This is a TRAINS Newswire titled item so hopefully I won’t run afoul of the rules. So what I read a bit in the past that farmers in the United States and Canada might plow up their fallow land and plant wheat to make up for some of the lost crop in Ukraine and Russia. Not sure if that plan will come to fruition or not but it sounds like a good idea to avoid massive famine or at least reduce it.
I would think they could not do that continually because it would mess up their rotation of land in and out of rest (if that is what the fallow land is…beats me …just guessing).
So I wonder if they suddenly increased the harvest in both countries if that would strain the grain hopper supply or if it could be handled if the growing seasons were spread out…again another open issue.
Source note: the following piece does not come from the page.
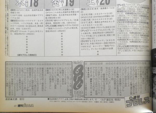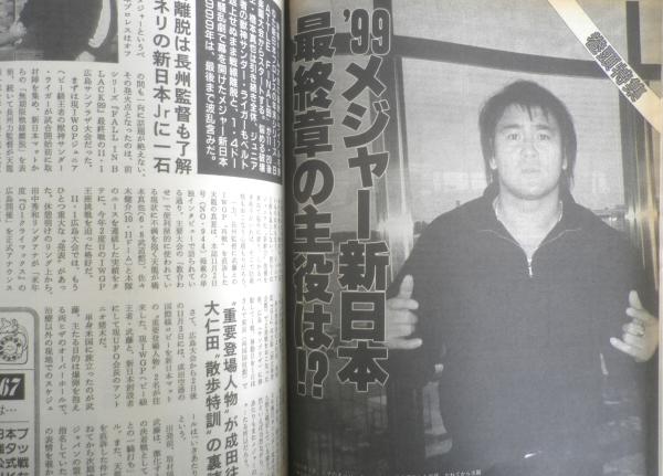 新日11・1広島大会 武藤組VS蝶野組ほか 小川直也/講演会 '99世界最強タッグのカード ハヤブサ/インタビュー 長与が飛鳥との合体を拒否!? 長州インタビュー ピンナップ/蝶野&AKIRA・金本&田中 アレクサンダー大塚/講演会 小橋建太/講演会 秋山準/トークショー 三沢光晴/講演会 他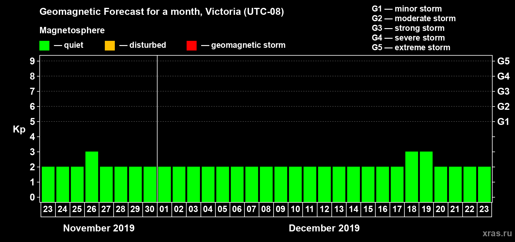 Geomagnetic storm forecast in Victoria for Nov 23, 2019

With there being drought conditions throughout large sections of the grain growing geography in North America - will there be sufficient moisture available to make currently fallow land productive?
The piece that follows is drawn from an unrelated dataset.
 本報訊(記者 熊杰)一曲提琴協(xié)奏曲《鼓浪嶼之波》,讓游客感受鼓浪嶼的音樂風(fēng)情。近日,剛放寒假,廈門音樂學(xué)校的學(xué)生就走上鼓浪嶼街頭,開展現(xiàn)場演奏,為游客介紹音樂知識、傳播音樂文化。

To plant additional acreage is a significant investment for a farmer, in addition to his time and wear and tear on equipment he also has to acquire seed and fertilizer to be able to plant the crop.
Isn’t there a program where the govt pays farmers to not plant a certain percentage of their land? My guess that is the land we are talking about.
A couple decades ago a friend of mine bought a farm, and he rented out a portion of his property to a neighbor who wanted to farm it, collected enough money from the government for not planting the remainder of his land (enough to actually make his mortgage payment)… And then continued working his 40 hour a week job as his vocation.
So, if such programs still exist, then I’d imagine that might be where the fallow land comes into the equation?
And let’s hope the war doesn’t involve us directly … We’re already aiding Ukraine… Russia has a nuclear arsenal…the return of troop trains may become more likely than an uptick in grain shipments… who knows.
Out here in flyover country, there are conservation programs that will pay to keep land from being planted but, at least in my area, very few farmers take part.
The prices paid by the government are so low that it’s much more profitable to plant the land.
Two literary endings come to mind: one from the Robert Lowell poem ‘Children of Light’ and the other from the Tom Lehrer song ‘So Long, Mom’.
The former references another ‘controversial’ Government ‘farm income support’ agricultural practice. The latter is why we won’t see domestic troop trains… any of the logical, or illogical, ways using the ‘nuclear option’ might bounce.
-Not a farmer, but I live inthe corn and soy bean part of the country…
I don’t know that you can suddenly increase the harvest. In our current economy, where are you going to suddenly get more seed, more fertilizer, more transportation, more capital, and more help?